South Seeds know they are making a difference by “meeting people where they are”, listening and offering a “personalised service”, explains manager Lucy Gillie. It even extends to walking clients to other recommended services to help them find extra support.
But there is also frustration that the energy companies are not more proactive – and that energy regulator Ofgem is not more able to hold their feet to the fire.
“It’s often very difficult to get an energy company call handler to even open a complaint,” Agnes says.

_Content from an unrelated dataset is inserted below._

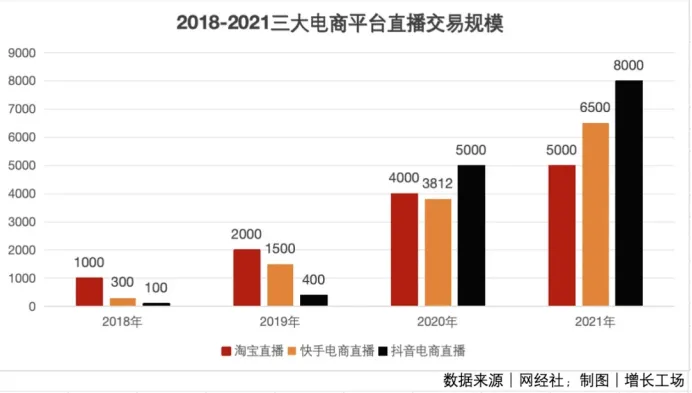 以快手为例,据“网经社”数据显示,2020年,快手电商直播交易规模为3812亿元,淘宝直播交易规模为4000亿元,淘宝直播还算勉强超过快手;而到了2021年,快手电商直播的交易规模为6500亿元,淘宝直播交易规模5000亿元,快手已经完成了对淘宝直播的反超。

In July, Ofgem demanded improvements from five energy suppliers on issues such as debt, staff training, and direct debit increases. Poppy experienced that this has improved those areas.
“It shows that Ofgem’s actions can be effective,” she says. “Unfortunately, it seems like they are struggling to fully assess all the complex problems customers experience when communicating with their energy suppliers.”
An Ofgem spokesperson said its “priority is to protect consumers” and claimed suppliers must be “proactively making contact to identify if a customer is in payment difficulty, assessing repayments on a customer’s ability to pay and ensuring debt management activities are done in a fair and reasonable way”.
“We closely monitor compliance of this, and we have taken robust enforcement action as a result of the failings we have found,” they added.
But that’s far from the only issue, according to the South Seeds team. Other structure changes – from funding for retrofit homes to investing in public spaces and paying everyone fairly – is what is really needed, they claim.
The Institute of Health Equity report says immediate recommendations include local health providers better recognising the impact of cold homes and working with agencies like South Seeds.
Report co-author Tammy Boyce acknowledges the scale of the challenge can be difficult to comprehend. “I truly think we are moving into uncharted territory,” she says. “We can’t quantify the impact on health inequality, but it will have a huge impact.”
But she believes there are steps we can take. “Every year, there are millions of pounds in unclaimed benefits, so we need to make sure people apply for everything they are due.”
Local councils should also allocate emergency repair budgeting to warmer homes programmes, she adds fixing boilers, broken windows and holes in the walls, she claims, and health services should work more closely with third sector partners.
Back at Ioan’s house, playtime with his son is over. But his problems with gas and electricity bills are not. He was paying £40 a week a few months ago – now that’s at £80, just under half of the £170 he earns in the restaurant. He’s looking for another job. “That’s really hard too,” he says.
South Seeds is applying for a hardship grant, which they hope will help the family through the winter. But as prices continue to rise, the future still feels uncertain.
This story is the first in a year-long solutions journalism project between Greater Govanhill Magazine and The Ferret. Mind The Health Gap will collaborate with local communities to report on the way inequality leads to health disadvantages and shorter lives and the responses to that.